One embodiment of the present invention involves obtaining nucleic acid, e.g. DNA, from a blood sample of a subject, and assaying the DNA to determine the individuals' genotype of one or a combination of the marker genes associated with interventional VLC diet response. Other sampling procedures include but are not limited to buccal swabs, saliva, or hair root. In a preferred embodiment, genotyping is performed using a gene array methodology, which can be readily and reliably employed in the screening and evaluation methods according to this invention. A number of gene arrays are commercially available for use by the practitioner, including, but not limited to, static (e.g. photolithographically set), suspended (e.g. soluble arrays), and self assembling (e.g. matrix ordered and deconvoluted). More specifically, the nucleic acid array analysis allows the establishment of a pattern of gene expression variability from multiple genes and facilitates an understanding of the complex interactions that are elicited in an individual in response to diet.
In a specific embodiment, the array consists of several hundred genes and is capable of genotyping hundreds of DNA polymorphisms simultaneously. Candidate genes for use in the arrays of the present invention are identified by various means including, but not limited to, pre-existing clinical databases and DNA repositories, review of the literature, and consultation with clinicians, differential gene expression models, physiological pathways in metabolism, cholesterol and lipid homeostasis, and from previously discovered genetic associations. In a preferred embodiment, the candidate genes are selected from those shown in Table 2.
Each of the foregoing genes, and combinations thereof, are expected to provide useful markers in the practice of the invention. The gene array includes all of the novel marker genes, or a subset of the genes, or unique nucleic acid portions of these genes. The gene array of the invention is useful in discovering new genetic markers of dietary response.
The specific marker will be selected from variants of these genes, or other genes determined to be associated with dietary response. As used herein, the term “variant” refers to mutations, polymorphisms, and insertions and deletions in the nucleic acid sequence of the “wild type” or “normal” gene. Preferred variants in accordance with the invention are single nucleotide polymorphisms (SNPs) which refers to a gene variant differing in the identity of one nucleotide pair from the normal gene. The following table identifies the most promising SNPS, ranked based on the selection criteria of p ≧0.05, for the physiological responses of total cholesterol change (TC), LDL change, HDL change, triglyceride change (TG), log(TG), change in the ratio TC/HDL, change in body mass (BM), change in fat mass (FMS), change in lean body mass (LBM), change in percent fat (PCT), and change in body mass index (BMI).
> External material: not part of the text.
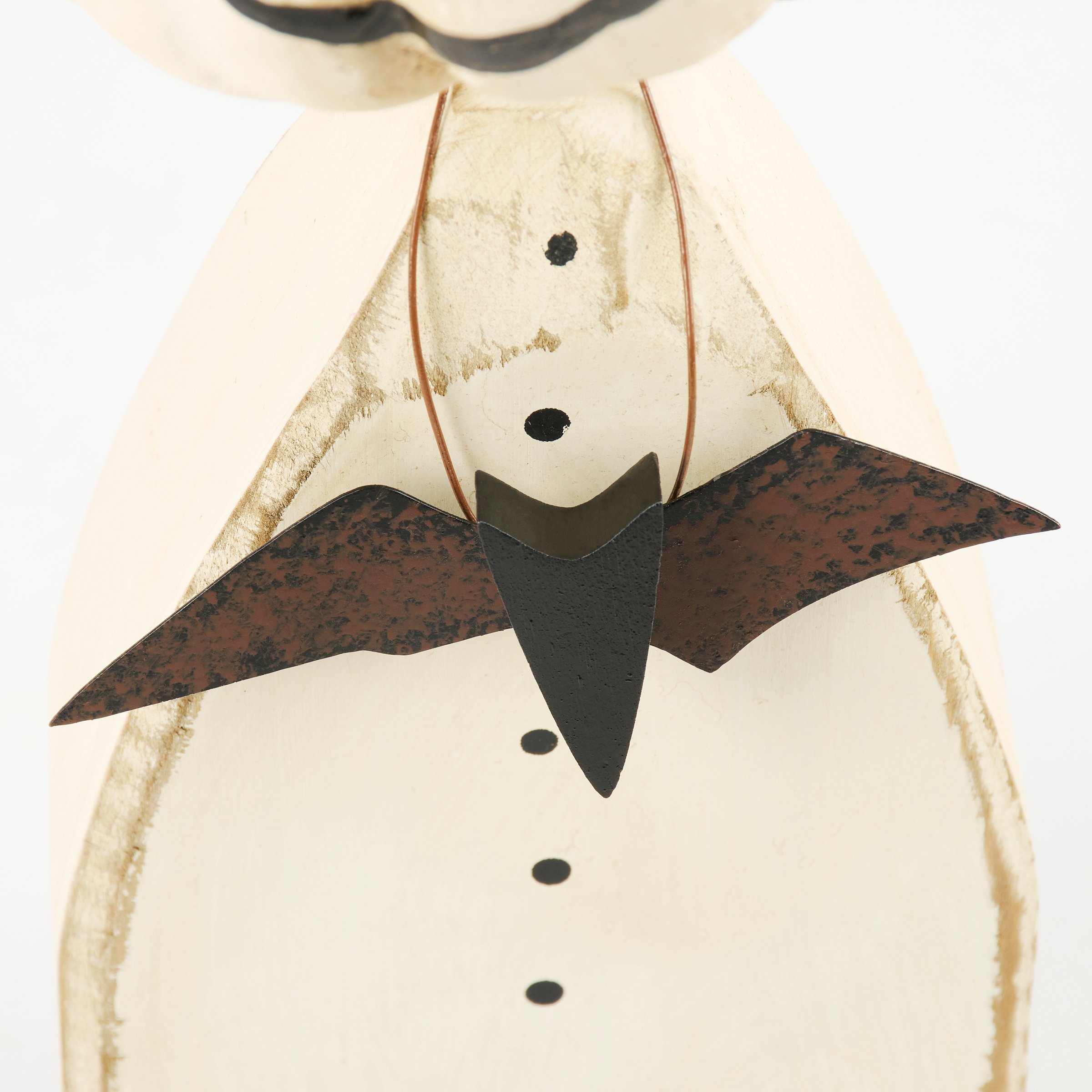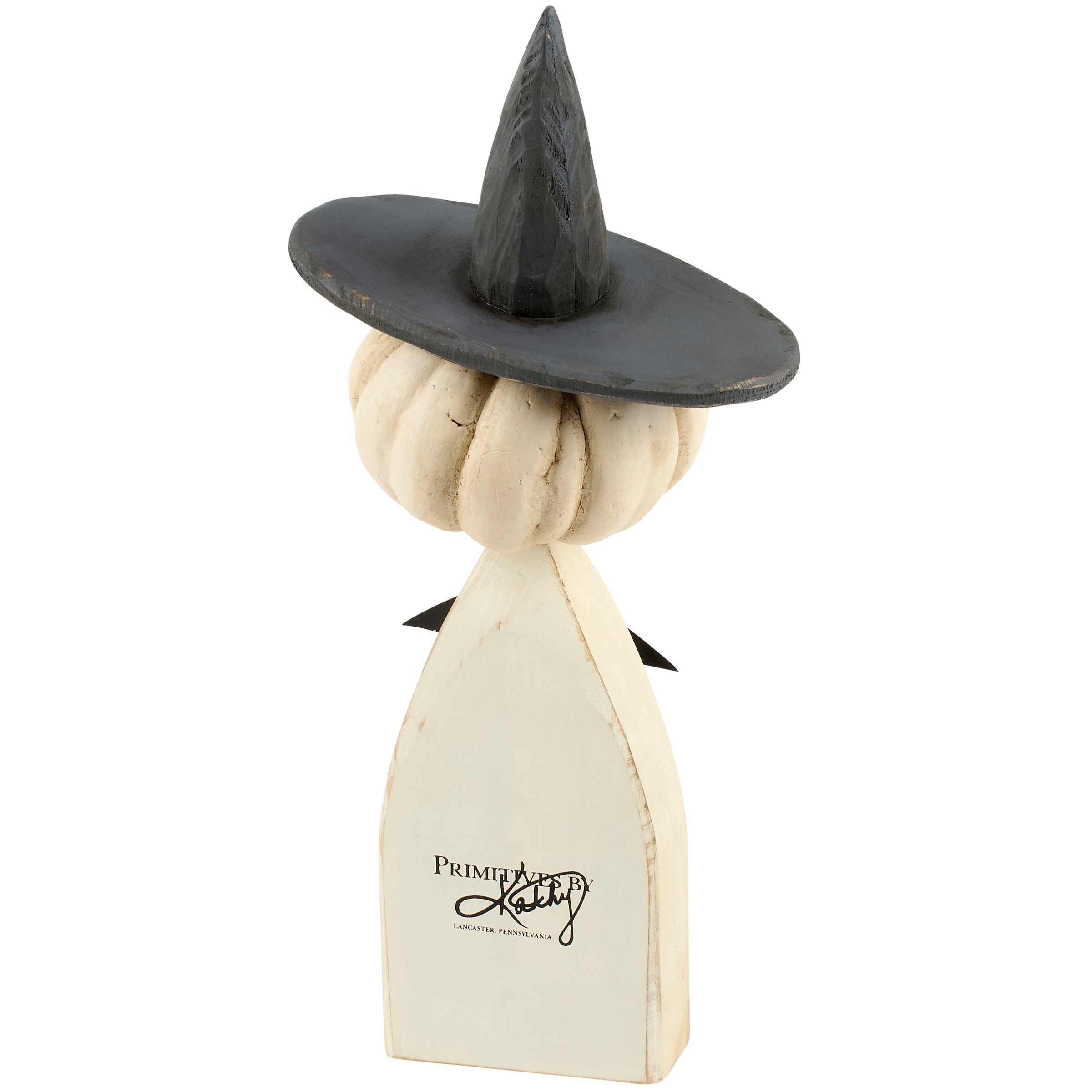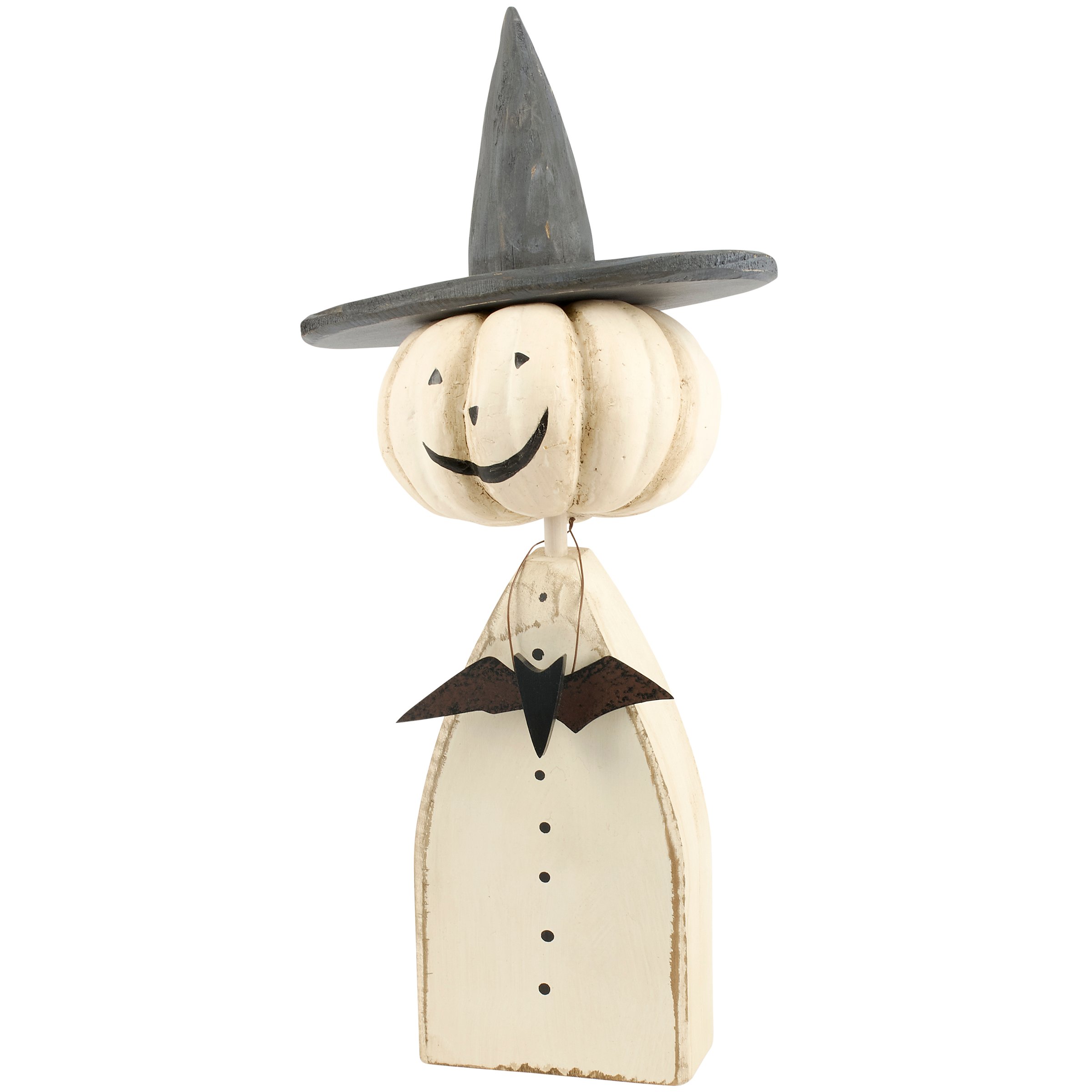 A wooden sitter from our Halloween Collection displaying a charming lady jack o'lantern design recreated from an original hand carved and painted piece with distressed details. This rustic jack o'lantern sitter features handmade details including a wooden witch hat and metal bat necklace. Our Mrs. Jack chunky sitter is designed to free-stand on a flat surface for display. A rustic Halloween home accent that can be easily displayed in any home or work space.

The SNPs and genes in Table 3 are provided in the nomenclature adopted by the National Center for Biotechnology Information (NCBI) of the National Institute of Health. The sequence data for the SNPs and genes listed in Table 3 is know in the art and is readily available from the NCBI dbSNP and OMIM databases. The coefficients are for the single SNPs and explain the residual change in the indicated response after covariates.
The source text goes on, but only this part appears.